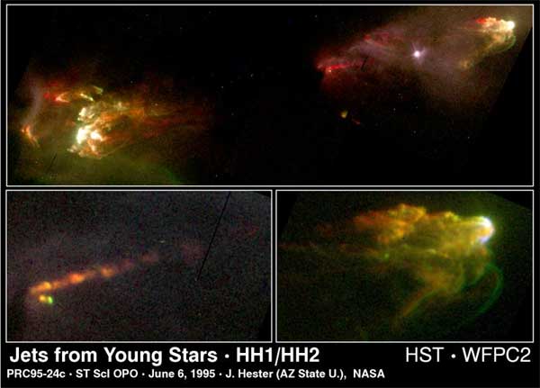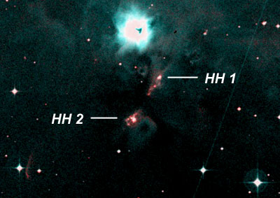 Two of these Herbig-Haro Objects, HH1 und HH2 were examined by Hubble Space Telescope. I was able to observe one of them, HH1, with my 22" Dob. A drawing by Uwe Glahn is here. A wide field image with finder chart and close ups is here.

-----

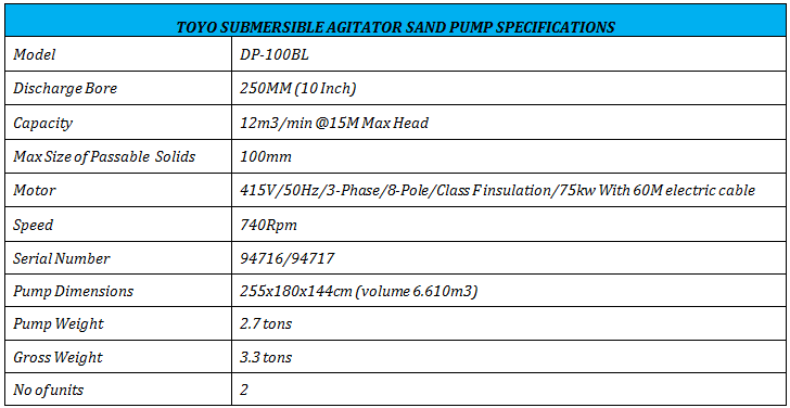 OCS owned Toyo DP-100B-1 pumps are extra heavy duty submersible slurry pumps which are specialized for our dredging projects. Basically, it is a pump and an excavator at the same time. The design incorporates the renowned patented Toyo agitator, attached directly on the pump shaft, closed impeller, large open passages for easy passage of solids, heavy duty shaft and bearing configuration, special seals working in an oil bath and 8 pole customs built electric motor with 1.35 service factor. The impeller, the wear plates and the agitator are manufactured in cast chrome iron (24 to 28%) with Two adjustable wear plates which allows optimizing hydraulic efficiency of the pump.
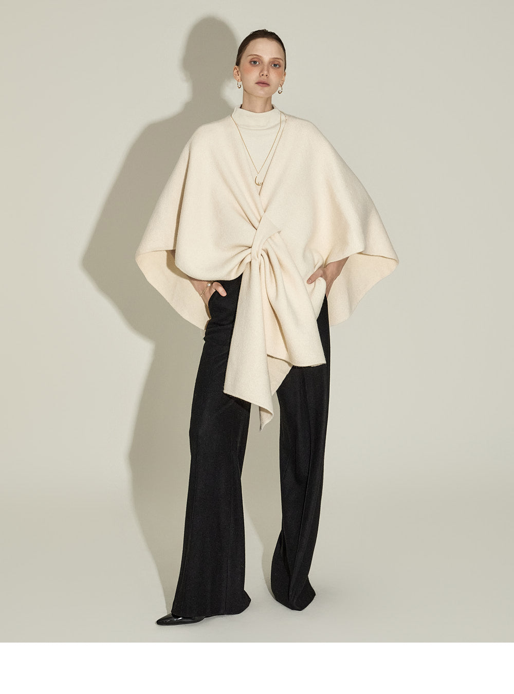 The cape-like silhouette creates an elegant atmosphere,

-----

» What to work on: Write out word for word the lines of the listing above from the line with "OCS owned Toyo" to the line with "The cape-like silhouette", taking in both of those lines but no pictures.

» Solved exercise:
 OCS owned Toyo DP-100B-1 pumps are extra heavy duty submersible slurry pumps which are specialized for our dredging projects. Basically, it is a pump and an excavator at the same time. The design incorporates the renowned patented Toyo agitator, attached directly on the pump shaft, closed impeller, large open passages for easy passage of solids, heavy duty shaft and bearing configuration, special seals working in an oil bath and 8 pole customs built electric motor with 1.35 service factor. The impeller, the wear plates and the agitator are manufactured in cast chrome iron (24 to 28%) with Two adjustable wear plates which allows optimizing hydraulic efficiency of the pump.
 The cape-like silhouette creates an elegant atmosphere,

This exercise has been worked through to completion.